Passing this argument to the current Gromacs tests breaks at least one test case (GenconfTest in GmxPreprocessTests) - see Jenkins results http://jenkins.gromacs.org/job/Gromacs_Gerrit_master_nrwpo/2526/.
Using this argument would facilitate pinning down flaky bugs such as #2093 and should be supported in all tests.

Associated revisions

Revision 2cce9cb6 (diff)
Added by David van der Spoel over 2 years ago

Fix non-reproducability of clustsize tests.

Due to the use of static variables in the old command-line
parsing codes, running the same test repeatedly would "inherit"
settings from the previous test. This is fixed here by
removing the static flags and updating some test results.

Part of #2113

Change-Id: Ie5bdf4aaefb8acfdb07a4ee65652a1c3c8ca84e6

Revision 583b76df (diff)
Added by David van der Spoel over 2 years ago

Fixed test-order dependency in gmxpreprocess tests.
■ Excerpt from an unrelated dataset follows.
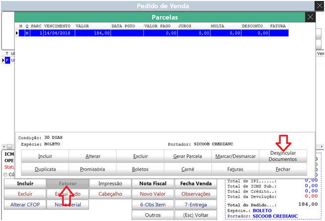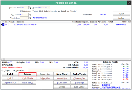 > Para emissão do boleto é necessário faturar o pedido de venda, clicando em Faturar:

Due to the use of static variable in genconf.cpp and
solvate.cpp, used for initializing command-line args
the result of the tests were dependent on the order of
execution. The reason is that static variables set in one
of the test runs are "inherited" by the next run. A
particular example is a randum number seed, which when 0
is set to a random seed, but just the first time around. This
is obviously not a good idea when aiming for reproducability.

Part of #2113.

Change-Id: I8bd8d36c75dcd20824e7f3db7268512387cd04ca

Revision 90b8d167 (diff)
Added by David van der Spoel over 2 years ago

Removed unnecessary static declarations for command-line parsing

For historical reasons command-line parsing needed static variables
when declaring the t_pargs structures, however modern compilers
do not need this anymore. Simultaneously, repeatedly calling a function
containing static variables may lead to irreproducible results.
The programs fixed here have no unit tests, however grompp and pdb2gmx
are tested in the regression tests, which pass.

Fixed uninitialized variable that turned up when not static anymore.
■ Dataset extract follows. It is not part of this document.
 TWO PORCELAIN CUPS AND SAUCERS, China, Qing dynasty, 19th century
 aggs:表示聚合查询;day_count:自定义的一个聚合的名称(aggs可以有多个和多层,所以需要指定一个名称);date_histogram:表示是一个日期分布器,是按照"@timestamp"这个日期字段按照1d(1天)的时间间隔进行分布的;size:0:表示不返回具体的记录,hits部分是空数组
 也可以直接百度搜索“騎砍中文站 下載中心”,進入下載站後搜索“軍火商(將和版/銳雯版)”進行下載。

TODO: fix the same in analysis tools.

Part of #2113.

Change-Id: I1f67cc54362062289264b83078d3317f8e914faf

History

#1 Updated by Gerrit Code Review Bot almost 3 years ago

Gerrit received a related patchset '2' for Issue #2113.
Uploader: Aleksei Iupinov ()
Change-Id: gromacs~master~Ic92745a2e50f0f1a0194672a635b295a8caa3e7f
Gerrit URL: https://gerrit.gromacs.org/6448

#2 Updated by Mark Abraham almost 3 years ago

Agree that we want such things to work, but I think an appropriate way to manage it is to test periodically that it works, e.g a weekly job or something. Non-reproducibility in per-commit testing leads to problems where you don't know whether the updated patch worked because the issues is resolved, or because e.g. the changed execution order hides it.

#3 Updated by Aleksei Iupinov almost 3 years ago

I think that a random test order would not allow many newly-introduced bugs to slip by, especially if we also add --gtest_repeat=5 for multiple iterations.
If exhaustive testing is undesirable to be default behavior, then it can be a weekly/post-submit/manual target only.
It should be something that developers are aware and make use of, though.

#4 Updated by Aleksei Iupinov almost 3 years ago

You are implying that the test order is conceptually part of test reproducibility.
I don't see why would it be? You can run any individual test case and test separately using command line arguments.
This should already produce no failures if your test is correct.
Test sequence order is not part of the testing functionality, is it? :-)

#5 Updated by Mark Abraham almost 3 years ago

Aleksei Iupinov wrote:

I think that a random test order would not allow many newly-introduced bugs to slip by, especially if we also add --gtest_repeat=5 for multiple iterations.

Repeating by default is probably undesirable. We'd have to somehow make clear to developers which repeat failed - just the console log isn't great. It would also run longer, which ought not be a problem for well implemented tests, but quite a few GoogleTests currently rely on infrastructure that does write physical files, etc. (Those could be refactored, or shifted to less frequent testing.) But I don't see a benefit worth the work, yet.

If exhaustive testing is undesirable to be default behavior, then it can be a weekly/post-submit/manual target only.

First we'd have to do the work to get that working (probably not big), and split the current tests into those categories.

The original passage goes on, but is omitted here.